Siamo davvero arrivati a Lisbona e ho il cuore che mi batte per l'emozione. 
  
Dal giornale di bordo:

Tutto il vento da nord che stiamo incontrando sta rallentando il nostro cammino in maniera decisa. E’ vero che c’era da aspettarselo, non posso dire che sia una sorpresa. Però abbiamo già perso tanto tempo a causa di questo fatto, la permanenza negli scali è stata spesso prolungata nell’attesa che i venti contrari allentassero la loro presa.
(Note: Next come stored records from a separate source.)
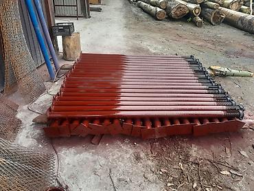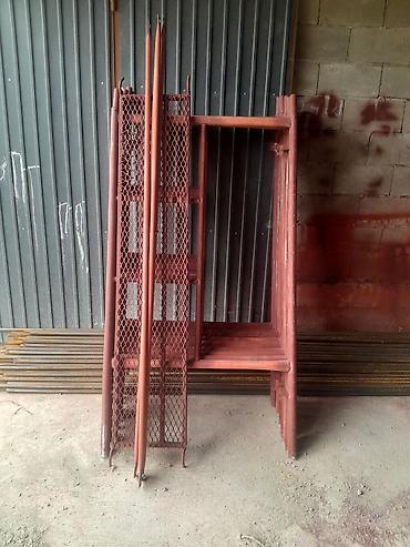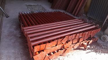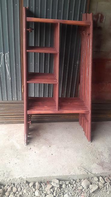 - Комплект рамных строительных лесов из стальных труб. Покрытие — антикоррозийный грунт красно-коричневого цвета.
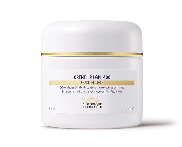 Crème PIGM 400 je koncentrat aktivnih sestavin za posvetlitev polti, zaščito kože in preprečevanje nastanka pigmentnih madežev. Zaradi sestavin z večkratnim delovanjem kot preventivni in korektivni postopek ublaži obstoječe pigmentne madeže in prepreči nastanek novih. Polt naredi sijočo in poenoteno.
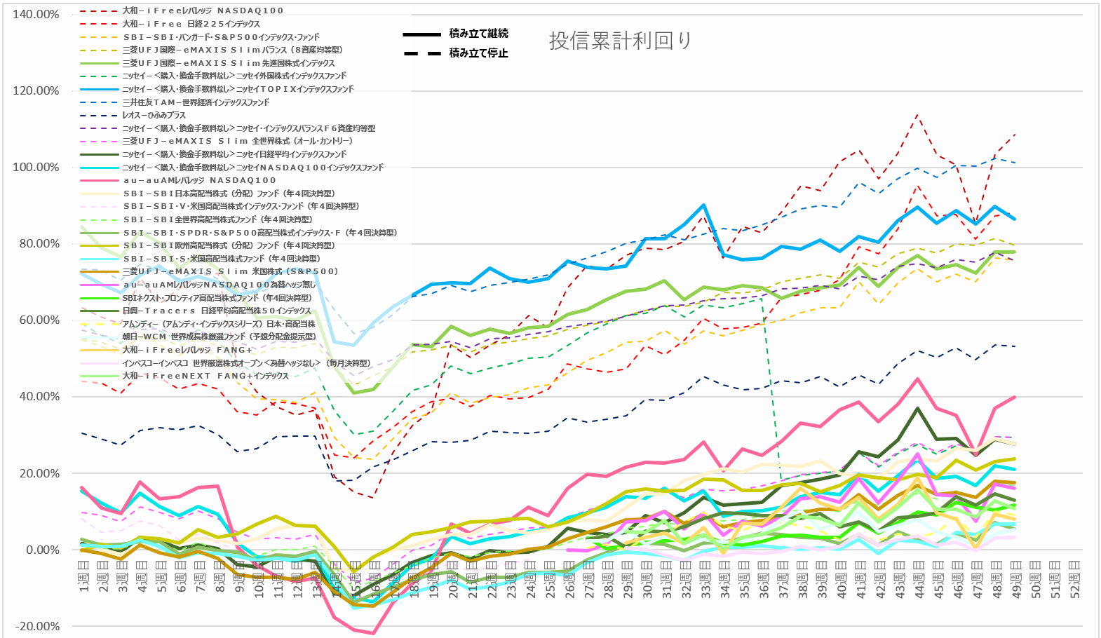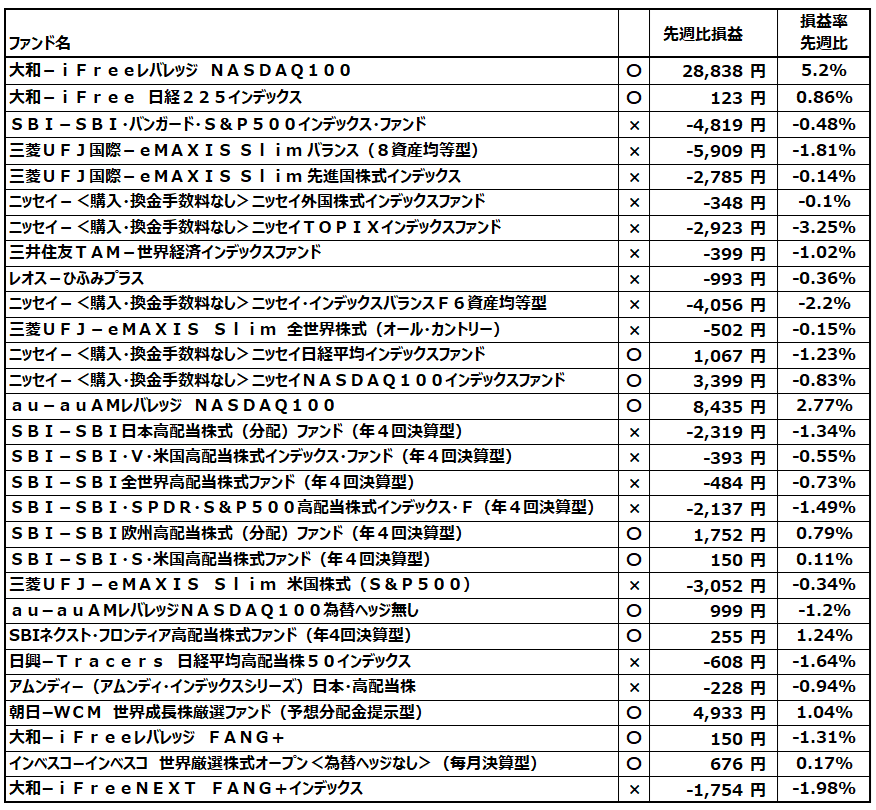 今回は勝率半々くらいかな。NASDAQと日経平均が先週比でプラス。反面S&P500と日経TOPIXは先週比負けですね。S&P500とTOPIXが下がったので、分配金系のファンドも基本下落していて、欧州とフロンティアという日米以外が上がっている感じです。こうやって見るとインデックスファンドでも指標違いで分散するもの意外と差が出るのかなと思います。
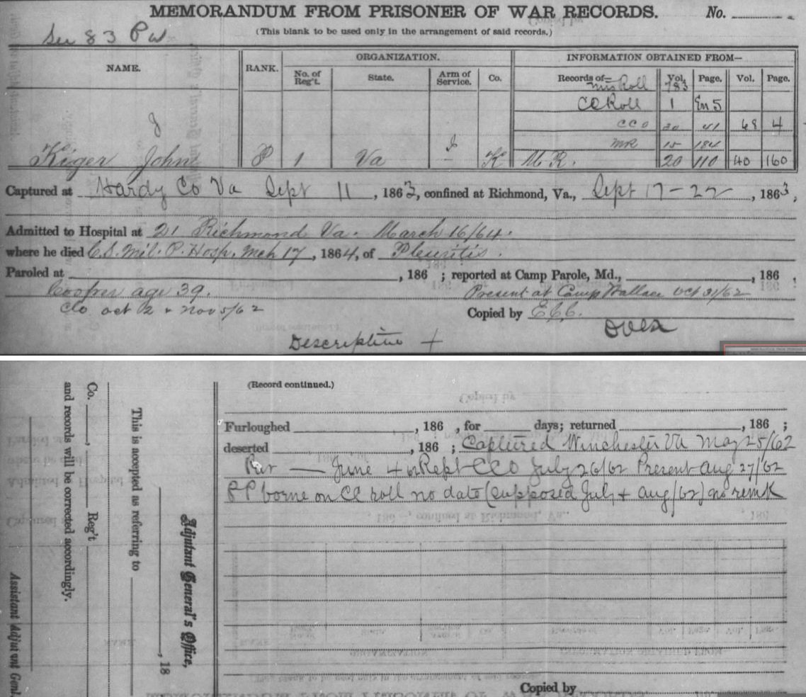 JOHN KIGER/KIGAR, Company "K" 1st West Virginia Infantry. Service Record: Joined for duty and enrolled Oct. 7, 1861 at Wheeling; mustered in Nov. 14, 1861 at Wheeling. He was captured at Winchester May 25, 1862 & in hospital; paroled and at Camp Lew Wallace in Oct. 1862. He was captured again on Sept. 11, 1863 at Moorefield, Hardy Co., (W)Va. According to the POW record, he died while a POW, and his stated age in the Prisoner of War record is 39, occupation Cooper. He died of Pleuritis at the Confederate Hospital at Richmond on March 17, 1864. - From the West Virginia Adjutant General's Records: "Resident of or enrolled at Wheeling; age 38; mustered in Nov 1, 1861 at Wheeling. Cooper, born in Ohio Co., W.Va. Captured by the enemy at Moorefield, W.Va., Sep 11, 1863, and a prisoner of war at date of muster out." - From the W. Va. Adj. Gen. Descriptive Roll for Company K: John Kiger, 38, 5'10"; light hair; blue eyes; fair complexion; born in Ohio County; cooper; enrolled Oct. 7, 1861 at Wheeling. - John Kigar, 33, cooper, was found in the 1860 census of Sherrard, Marshall County, with possible parents, Andrew Kigar, 63, and Hannah, 48. In 1850, Andrew Kiger, 55, and Hannah Kiger, 45, were living in Ohio County. John, the cooper, is not found, but a younger, Hannah, age 20, was also in the home. She married Roger Irwin in 1860 and lived in Sherrard, Marshall County. -- MANY people have identified the son of Andrew and Hannah as John T. Kiger. The soldier's middle initial might have been "T" but he was not the man they claim was the son of Andrew and Hannah. Despite an extensive obituary of John T. Kiger, which states unequivocally who his parents were, the researchers continue to name him as the son of Andrew and Hannah. - No pension claim was filed under this soldier's name. [NO other John Kiger, COOPER, is found. Company K included quite a few close neighbors of the Kigers in Sherrard. Some of them were William H. Morgan, James McHenry, John Tolbert/Talbert, John Bird, Richard Gosney, Joseph Shaw, Otis & Henry Kemple, John McCombs, Peter & George Orum, James Shilling, Ambrose Leach, James Gray, Louis & Peter Criswell.]
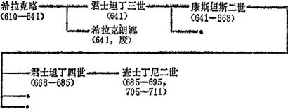 释义 | 希拉克略王朝 注1:695-698利昂希厄斯,698-705泰比里厄斯二世。 2:东罗马帝国(拜占廷)皇帝齐诺(474-491)以后,到希拉克略王朝建立之前,有下列皇帝: 阿纳斯泰希厄斯一世 (491-518) 查士丁一世 (518-527) 查士丁尼 (527-565) 查士丁尼二世 (565-578) 提贝里一世 (578-582) 摩里士 (582-602) 福加斯 (602-610) |
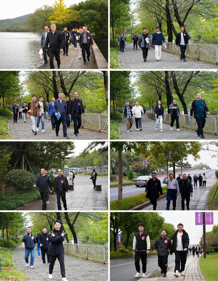 在風(fēng)景秀麗的湘湖湖畔,以湘湖西門為起點,途徑政和橋、德風(fēng)橋、凈瀾亭、越堤、西施別越、湘湖水街等美景。環(huán)宇人穿行在綠蔭、亭臺樓榭之中,浩浩蕩蕩,用腳步丈量湘湖之美。在徒步過程中大家相互鼓勵,攜手并進(jìn),在煙雨朦朧中感受湘湖的魅力與詩意,10公里的行程也不覺那么漫長。徒步隊伍最終集結(jié)在湘湖大院,進(jìn)行休整,并抽取幸運大獎。
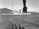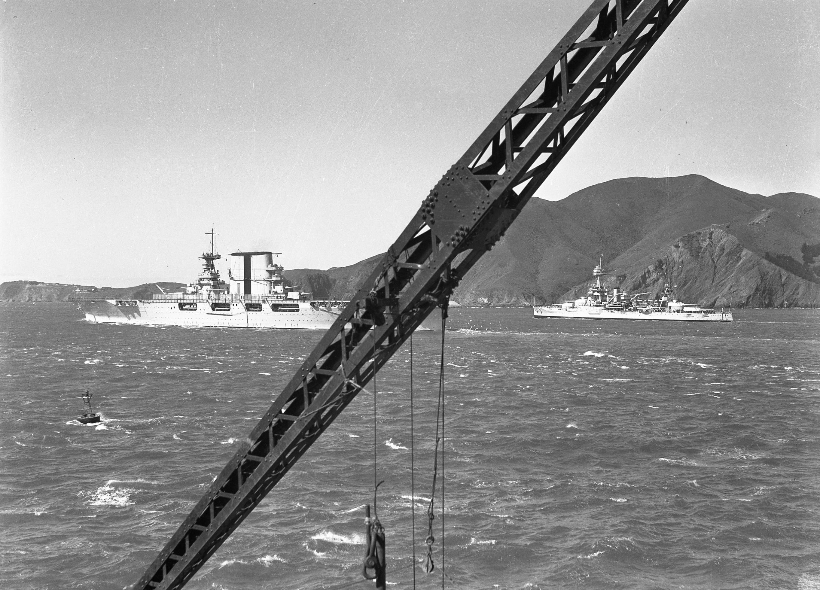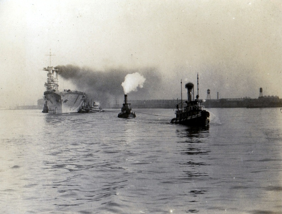 318k | Tugs ease Saratoga (CV-3) down the Delaware River to the Navy drydock. National Naval Aviation Museum, photo # 1996.488.011.007. |
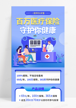 蓝色卡通简约百万医疗健康保险长图
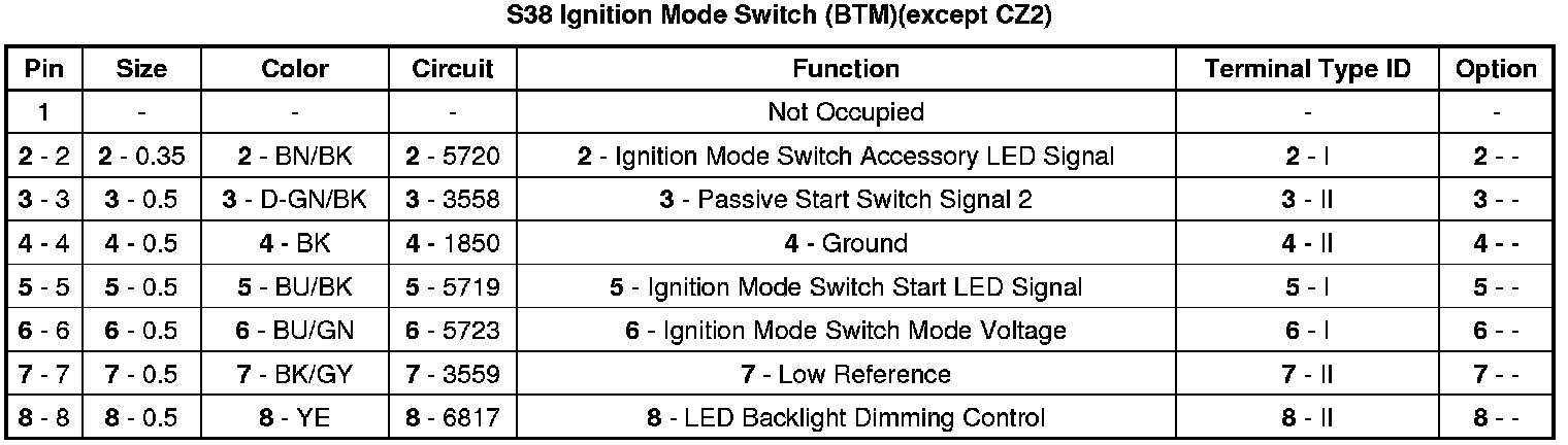 S38 Ignition Mode Switch (BTM)(except CZ2)
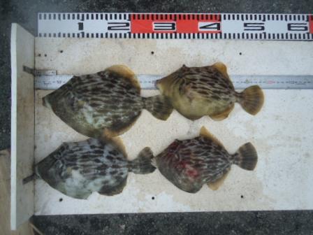 4月29日 市江様 筏でカワハギ 26cmまで4尾 |
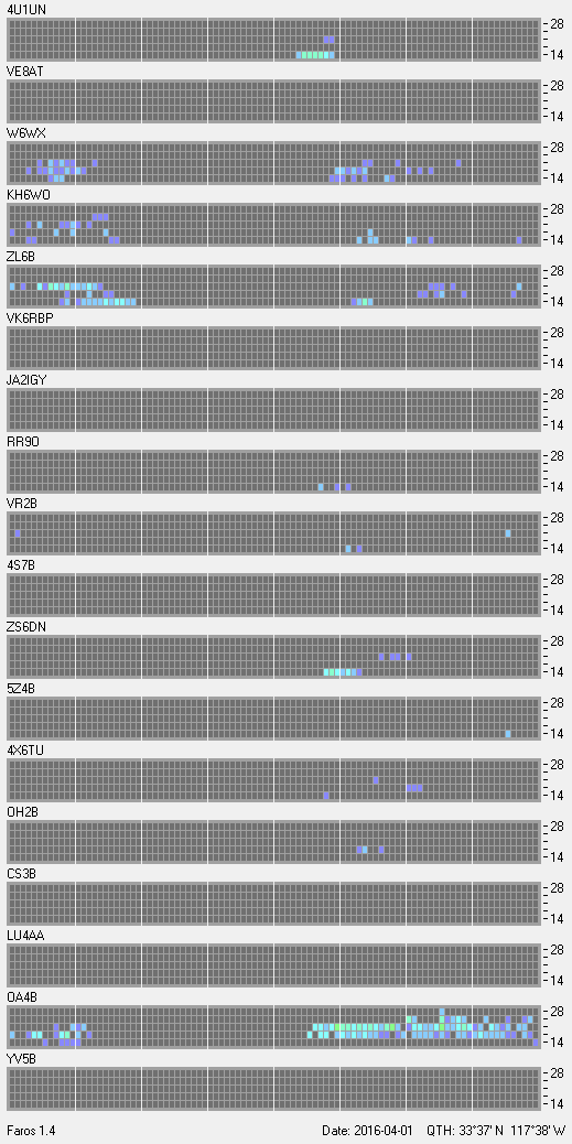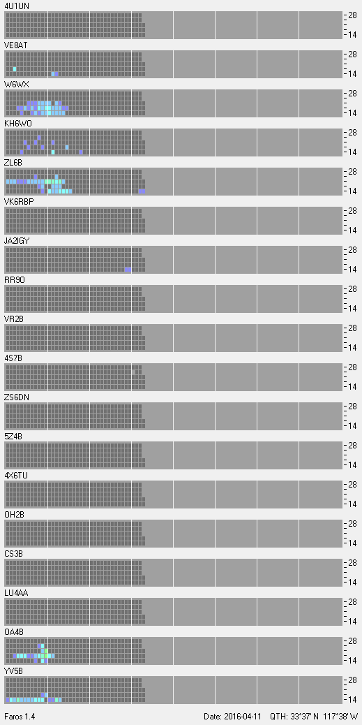 | NOTE: As of April 1, following beacons are down:VK6RBP (Australia), CS3B(Maderia) | |||||||||||||||||||||||||||||||||||||||||||||||||
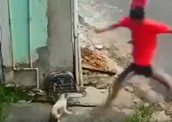 As imagens mostram o momento em que o suspeito esfaqueia um cão a sangue frio (o animal faleceu, posteriormente) e persegue gatos com uma faca. O denunciante , na ocasião, não quis ser identificado.

Man mano che i ritardi si accumulano le possibilità di raggiungere le Svalbard si assottigliano. E’ vero che non me l’ha ordinato il medico di arrivare lassù a tutti i costi, ma non posso impedirmi di ripensare alla grande preparazione, alle spese, al lavoro, al tempo dedicato a questo progetto; ai sogni di riuscire a raggiungere la terra da cui partì il dirigibile Italia di Umberto Nobile. Non mi sono mai nascosto le difficoltà ma gli sviluppi del viaggio, dalla mia partenza disastrosa di novembre alle contrarietà e i ritardi dopo la seconda partenza, mostrano una certa ostilità del destino. Bon, debbo farmi una ragione di queste cose e valorizzare quello che di buono sta venendo da questo viaggio. Forse in queste condizioni non posso chiedere di più.